Third, it stabilizes the electrode response and electrode-to-electrode reproducibility.
A Nafion-coated Pt electrode produces a higher resting potential of the coated electrodes,
which can be ascribed to and enhancement of the ORR due to the chemical environment
created by Nafion on the surface of the Pt. The exact nature of the Nafion-Pt interface
is still a matter of study, but several general characteristics can be pinpointed.

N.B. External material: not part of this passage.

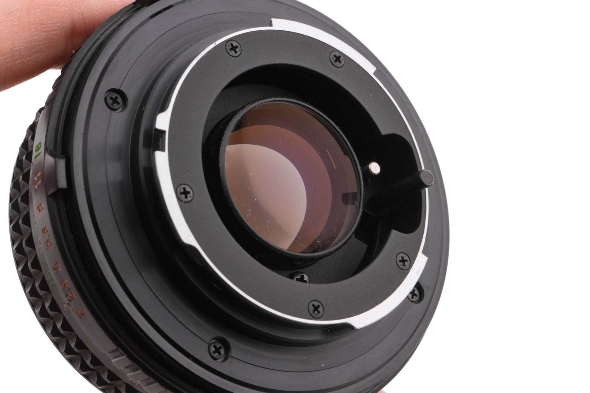 Manual focus normal lens made for MD-mount 35mm SLR cameras by Minolta. Metal body available in black.

First, the perfluorosulphonate polymers are superacids, creating an environment with
high proton activity on the surface of the metal. Second, the solubility of O
2 in Nafion is about 20 times higher than in water. Since the ORR is first order on
the concentration of O
2 and H
+, and it depends on the availability of free Pt sites, the environment created by
the Nafion coating produces a kinetic enhancement of the ORR, which leads to an increase
on the electrode OCP. However, despite of the many advantages that Nafion coatings
on Pt electrodes may bring, as illustrated in figure 4, such coatings only allow a
linear range for the identification of molecules such as glucose between 0.3 mM and
3 mM, which constitutes a serious limitation for a broader applicability of MP in
chemical analysis.
[0021] The authors of the present invention have thus tried using different coatings on
Pt electrodes, different from Nafion, that produced a shift in the linear range obtained
with Nafion and that at the same time significantly increased the sensitivity to peroxide,
prevented the interferences caused by negatively charged species, and stabilized the
electrode response and electrode-to-electrode reproducibility. In this sense, they
use the following coating:
- copolymer of Formula (II) (from hereinafter referred to as "Aquivion"),
wherein x, y, m and n represent the numbers of repeat units, wherein m=0, n=1 and
wherein the number of repeat units x and y are such that there are less than 15× units
for each y
[0022] Said coating allowed a better control of the processes occurring at the electrode
surface, providing an enhanced stability to the system. The potentiometric response
observed was explained in terms of the blocking effect of the active sites of Pt by
the weakly absorbed hydrogen peroxide, which leads to a drop of the electrode potential
due to a decrease of the cathodic exchange current produced by the oxygen reduction
reaction. Moreover, we herein demonstrate that the linear range of the detection of
hydrogen peroxide can be tuned with the polymer coating. Noteworthy, the potentiometric
response was shifted in terms of the linear range. In the case of using a Nafion coating,
a linear range for the identification of glucose between 0.3 mM and 3 mM is obtained
as illustrated in figure 4, (because of this, a dilution of blood samples is required
to do monitor glucose levels). In contrast, the linear range obtained with Aquivion
is shifted to higher concentrations, in particular between 3 mM and 10 mM, allowing
a direct measurement of glucose in serum or blood. Consequently, a simplification
during the analytical process of glucose detection within the clinical range might
be carried out. Besides, new applications for these enzymatic sensors might be approached.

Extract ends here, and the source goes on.